U.K. spy agencies taken to court over bulk domestic spying
The complaint, filed in the UK‘s Investigatory Powers Tribunal, is the first UK legal challenge to attack the UK Government Communications Headquarters’ (GCHQ) use of “bulk personal datasets” equivalent of the US s.215 bulk phone records metadata program. The s.215 program run by the NSA, which has dominated the US surveillance reform debate since Edward Snowden revealed it, was curtailed just days ago with the passing of the USA Freedom Act.
Existence of the practice by GCHQ of acquiring large datasets has been recently confirmed by the Intelligence and Security Committee (ISC) report, “Privacy and Security: A modern and accountable legal framework”.
The ISC does not reveal which datasets have been collected by GCHQ, but they are described as being “highly intrusive”, containing “millions” of records, which are then “linked together.” In a startling admission, the datasets were separately described as pertaining “to a wide range of individuals, the majority of whom are unlikely to be of intelligence interest.”
There is no proper legal regime in place, with no restrictions on which datasets can be collected, how long they can be stored, or accessed. The acquisition and subsequent use of datasets is not authorised by a judge, or even a Minister.
There are no legal penalties for misuse of this information, and abuse of the data has already happened with the ISC finding that agencies “had disciplined – or in some cases dismissed – staff for inappropriately accessing personal information held in these datasets.” It is not sufficient that misuse is dealt with by individual disciplinary measures. We need much stronger safeguards to prevent misuse occurring in the first place.
Phone records required to be held by telecommunications companies under the UK‘s Data Retention and Investigatory Powers Act (DRIPA), including the who, where and when of every phone call made in the UK are thought to have been collected by GCHQ in bulk. However similar powers could be used to target other databases including collecting medical records, travel records, financial records, in bulk.
Eric King, Deputy Director of Privacy International said:
“Secretly ordering companies to hand over their records in bulk, to be data-mined at will, without independent sign off or oversight, is a loophole in the law the size of a double-decker bus.

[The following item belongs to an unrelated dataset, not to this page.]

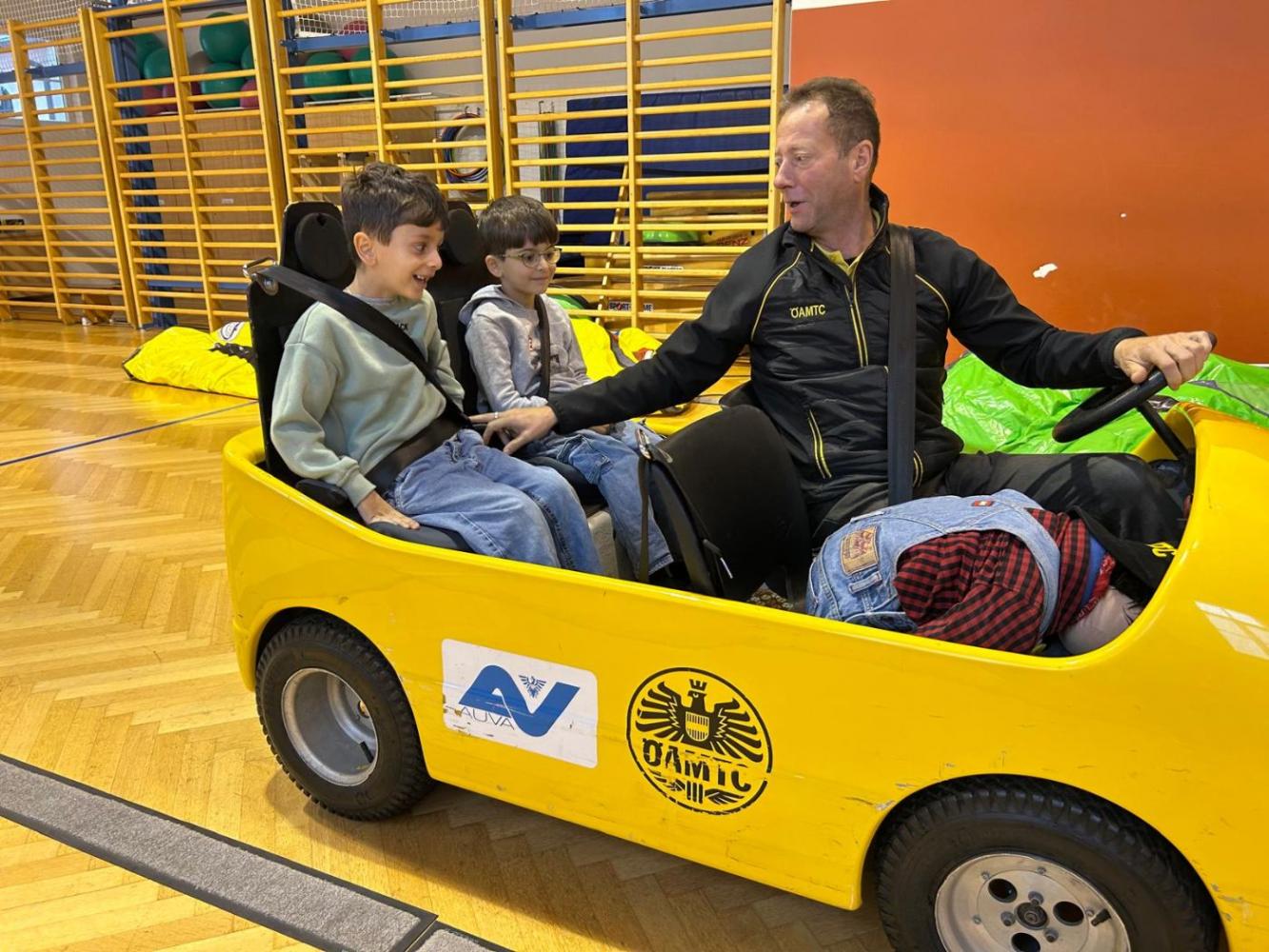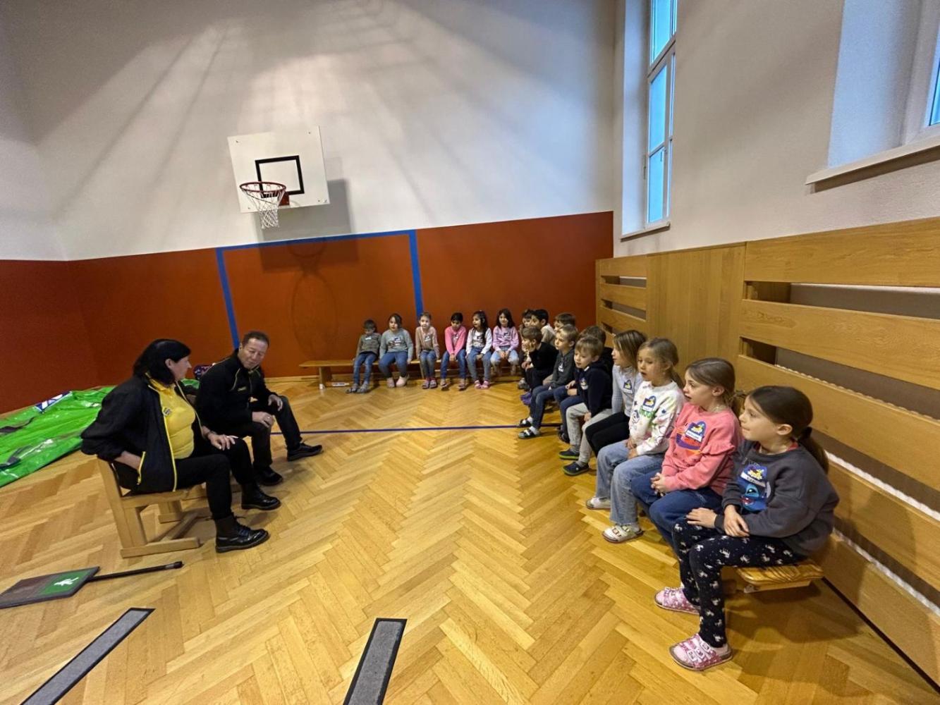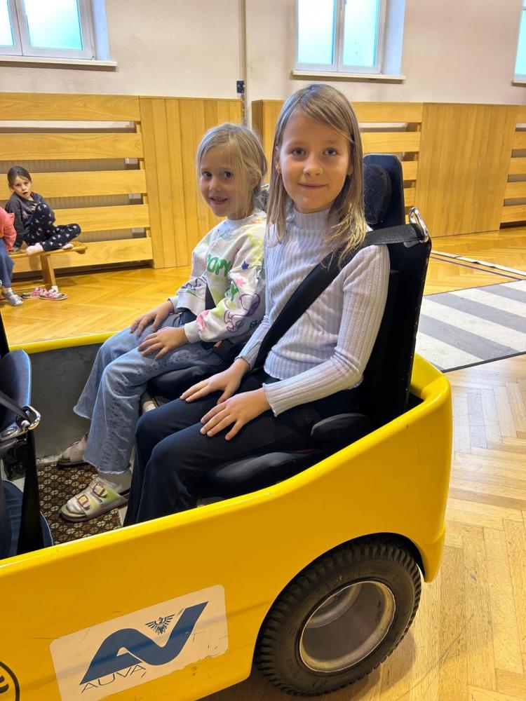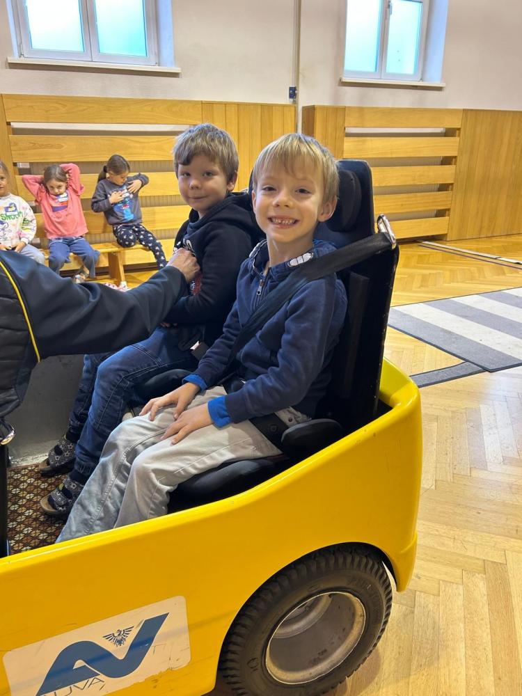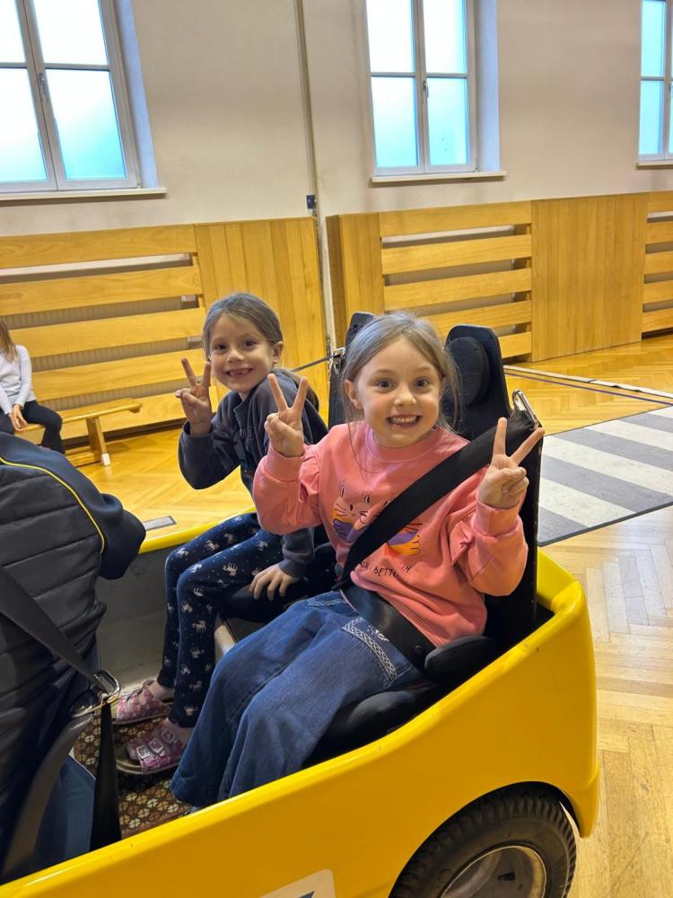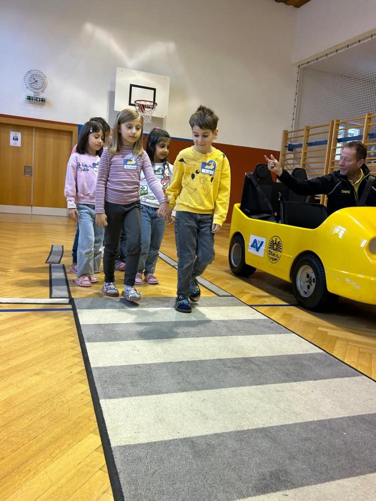 Unsere Ersterler wissen es besser und sind jetzt ausgebildete Straßenverkehr-Profis. Haben sie doch beim spektakulären Verkehrssicherheitsprogramm des ÖAMTC "Blick & Klick" teilgenommen. In unserem Turnsaal wird u.a das richtige Verhalten am Gehsteig und das sichere Überqueren der Straße trainiert. Und in einem quietschenden Elektroauto wird die Notwendigkeit des Sicherheitsgurtes und des Kindersitzes gezeigt und ausprobiert.

The use of these databases, some volunteered, some stolen, some obtained by bribery or coercion, has already been abused, and will continue to be, until the practice is overhauled, and proper protections put in place.

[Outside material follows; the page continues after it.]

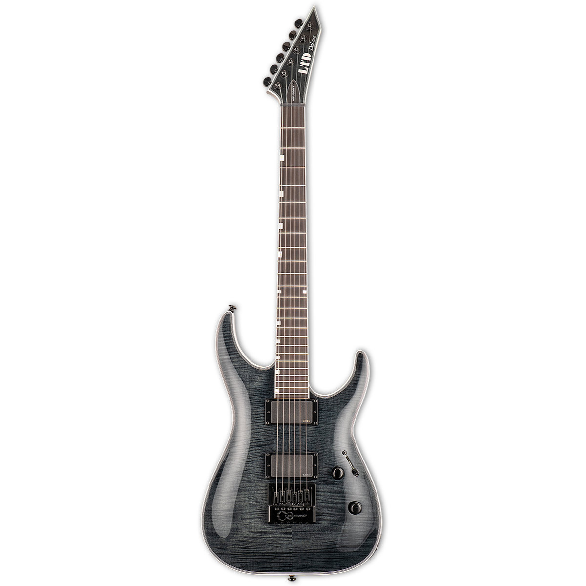 Müzisyenler için tasarlanan LTD Deluxe Serisinin bir parçası olan LTD MH-1000 EverTune, size beklediğinizden fazlasını verir. Set-thru sap yapısı sunar ve pürüzsüz bir şekilde üst perdelere benzersiz erişim sağlar. Figürlü ahşap damarların harika görünümünü vurgulayan See Thru Black kaplamalı flamed akçaağaç üst kapaklı maun bir gövdeye sahiptir. Ayrıca, üç parçalı ekstra ince U şeklinde akçaağaç sapa ve 24 ekstra jumbo perdeli abanoz klavyeye sahiptir. Çoklu beyaz lining ve Grover burgular gibi birinci sınıf donanımlara sahiptir. Ancak MH-1000 EverTune, klasik tonlardan agresif tonlara kadar değişen ihtiyaçlar için aktif EMG 85 (sap) ve EMG 81 (köprü) manyetiğinin dahil edilmesiyle işleri bir adım öteye taşımaktadır. Son olarak, EverTune köprüsü, neredeyse her koşulda gitarınızın mükemmel akortta kalmasını ve klavyenin her noktasında inanılmaz derecede doğru tonlamaya sahip olmasını sağlar.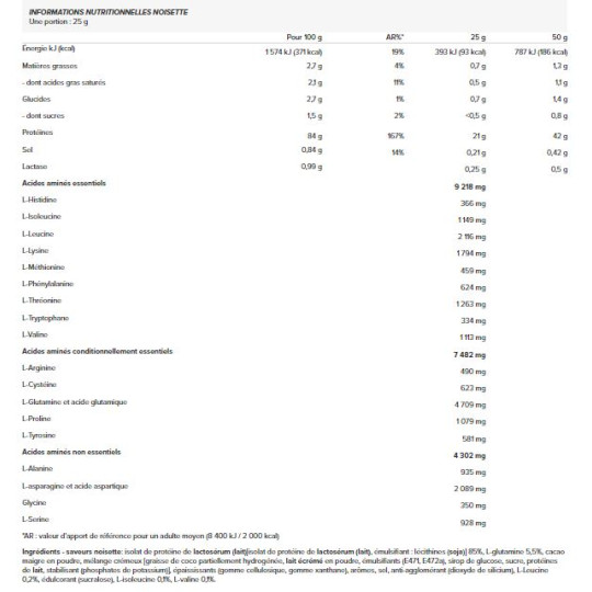 Ingrédients Noisette : isolat de protéines de lactosérum 87% [isolat de protéines de lactosérum, émulsifiant : lécithines (soja) isolat de protéines de lactosérum, émulsifiant : lécithines (soja)], poudre de cacao dégraissée, crème [graisse de noix de coco partiellement hydrogénée, lait écrémé, lait écrémé en poudre, émulsifiants (E471, E472a), sirop de glucose, saccharose, protéines de lait, stabilisateur (phosphates de potassium), anti-agglomérant (phosphates de calcium)], (phosphates de calcium)], L-Glutamine 2,5%, émulsifiant : lécithines (soja), épaississants (carraghénane, gomme xanthane), arômes, sel, anti-agglomérant (dioxyde de silicium), L-Leucine 0,2%, édulcorant (sucralose), L-Isoleucine 0,1%, L-Valine 0,1%

That the practice started, and continues without a legal framework in place, smacks of an agency who sees itself as above the law.
How can it be that the US is so much further ahead on this issue? With the USA Freedom Act now passed, the equivalent NSA power has now been curtailed before the debate this side of the pond has even begun.
Bulk collection of data about millions of people who have no ties to terrorism, nor suspected of any crime is plainly wrong. That our government admits most of those in the databases are ‘unlikely to be of intelligence value’ but that the practice has been allowed to continue, shows just how off course we really are.”